What the task asks – Each line of the records below needs repeating exactly. Skip the pictures.

Segment Start: Data

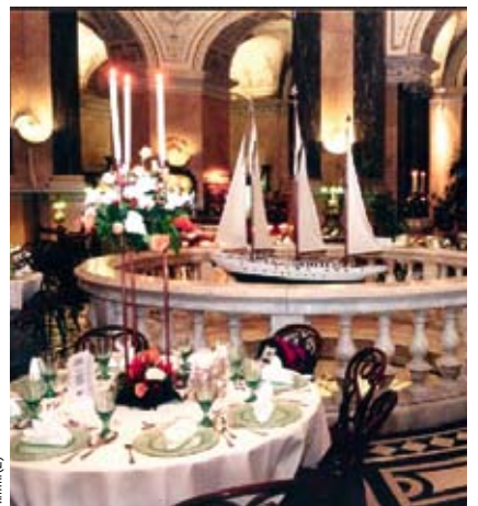
In der Kuppelhalle des Naturhistorischen Museums wird das Muscheldinner serviert.
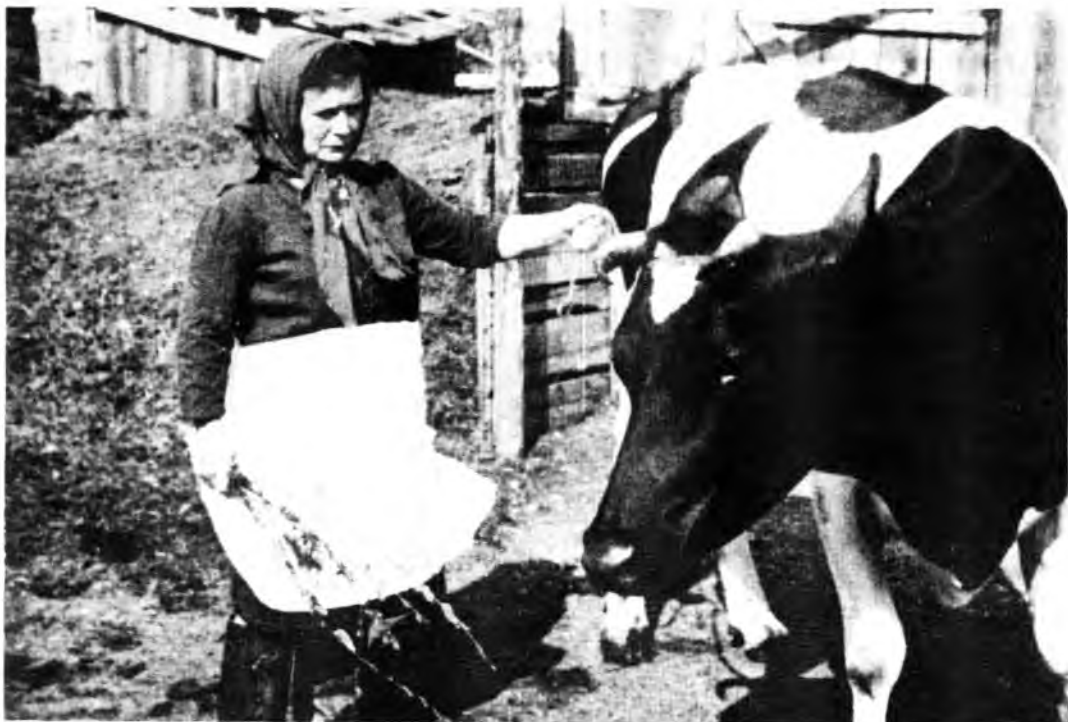
Утром в Егорьев день хозяйка выгоняет скотину ветками вербы. Воспроизведение обряда
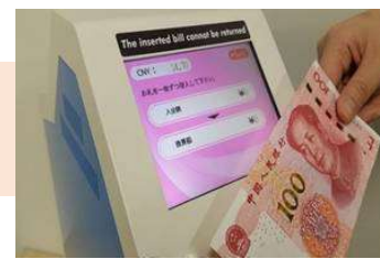
外貨を1枚ずつ挿入
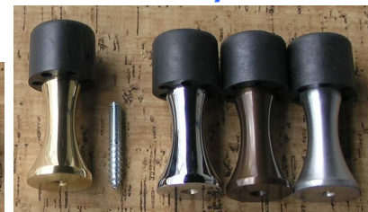
LV OC OB CS
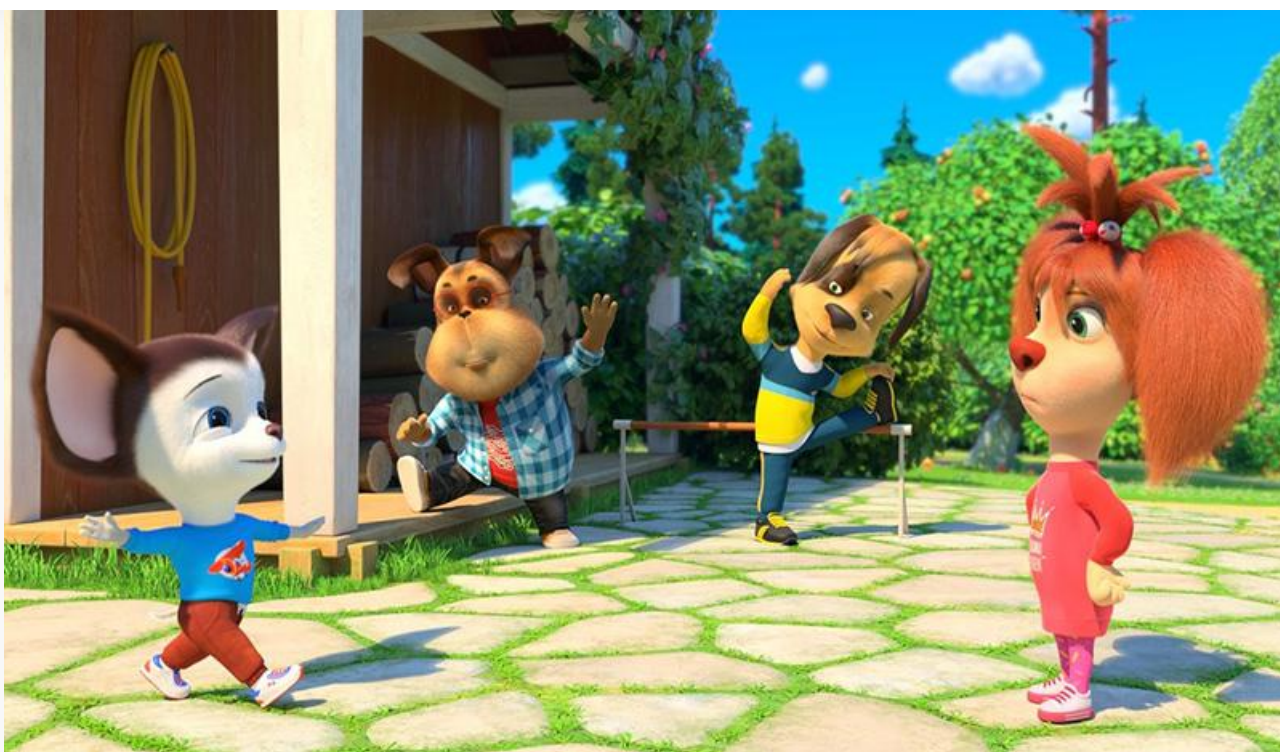
Кадр из фильма «Барбоскины Team»

Segment End: Data

Response to the task –
In der Kuppelhalle des Naturhistorischen Museums wird das Muscheldinner serviert.
Утром в Егорьев день хозяйка выгоняет скотину ветками вербы. Воспроизведение обряда
外貨を1枚ずつ挿入
LV OC OB CS
Кадр из фильма «Барбоскины Team»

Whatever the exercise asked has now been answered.